Do you know who might have helped? Chet Holmgren, former Defensive Player of the Year His hip injury. If Holmgren had been on the floor, he could have been the low man on that high catch play and taking easy looks near the basket away from Cleveland’s big men. That doesn’t necessarily mean the Thunder would have won with Holmgren. A whole bunch of other things change if Oklahoma City has to change its rotation to accommodate him. But that means the easy things Cleveland experienced down the stretch weren’t available.
The Thunder and Cavaliers play again in a week. Holmgren won’t be ready to return by then, so we won’t see how he factors into this matchup in advance if this is indeed who we’re getting in the Finals. But his absence was noticed on Wednesday. Changes everything for the Thunder.
The Thunder should add a starter at the trade deadline
The Thunder’s offense is no different bad. It ranks eighth in the NBA. It’s not quite as versatile as Oklahoma City prefers. The basic premise, aside from turning all those turnovers into fast break points, is to use Shai Gilgeous-Alexander’s rim gravity to suck defenses into the paint and then get the ball outside for wide-open threes. Only three teams take more wide-open 3-pointers per game than the Thunder, and Oklahoma City ranks ninth in total 3-point attempts.
The Cavaliers have shown some danger in this approach for the Thunder. Gilgeous-Alexander was outstanding, scoring 31 points on 13-of-27 shooting. Jalen Williams was similarly productive, adding 25 points of his own. But Mobley and Allen took the paint off the walls like they usually do, and Cleveland was determined to limit Oklahoma City’s 3-point range. The Thunder had just 31 seconds in this game, down from their season average of 38.6. With those high-value threes off the board, the Thunder relied heavily on Gilgeous-Alexander and Williams’ difficult and intermediate shooting. They did, hitting 10 of 14 mid-range shots and 12 of 21 on the float, but their overall shooting quality was nowhere near what Cleveland was getting on corner shots and at the basket.

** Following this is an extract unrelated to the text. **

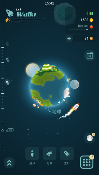 很遗憾walkr没有帮我减肥,甚至没有督促我每天多走两步路,大概证明了没有什么外力能够拯救胖子【不】,减肥还是得靠自己的意志。但这不妨碍walkr是一款蛮好玩的放置游戏。没有过多的操作,就是发现星球、建造DFR生产食物、用食物喂养星球、从星球上收取金币、用金币去发现更多的星球。在飞船10级之后可以长按收菜,进一步简化操作。符合轻松放置的调性。

This isn’t the first big game in which the Thunder have struggled to generate easier shots against elite opponents. Their last two NBA Cup games, against the Bucks and Rows, also come to mind. It’s a symptom of putting too much moral burden on players. Cleveland relies heavily on a trio of creators in Mitchell, Garland and Mobley, but almost everyone they use is able to find their own shots in at least some way. The Thunder have a lot of players who live off of what Gilgeous-Alexander and Williams can do for them.
This is a solvable problem, especially when Holmgren returns. But with the trade deadline about a month away, the Thunder should look to address him. They have all the draft capital and mid-range payroll they need to improve. Whether it’s taking a swing at another high-end shooter like Cam Johnson or perhaps another ball handler like Collin Sexton, the Thunder’s offense just needs one final jolt to keep up with its dominant defense.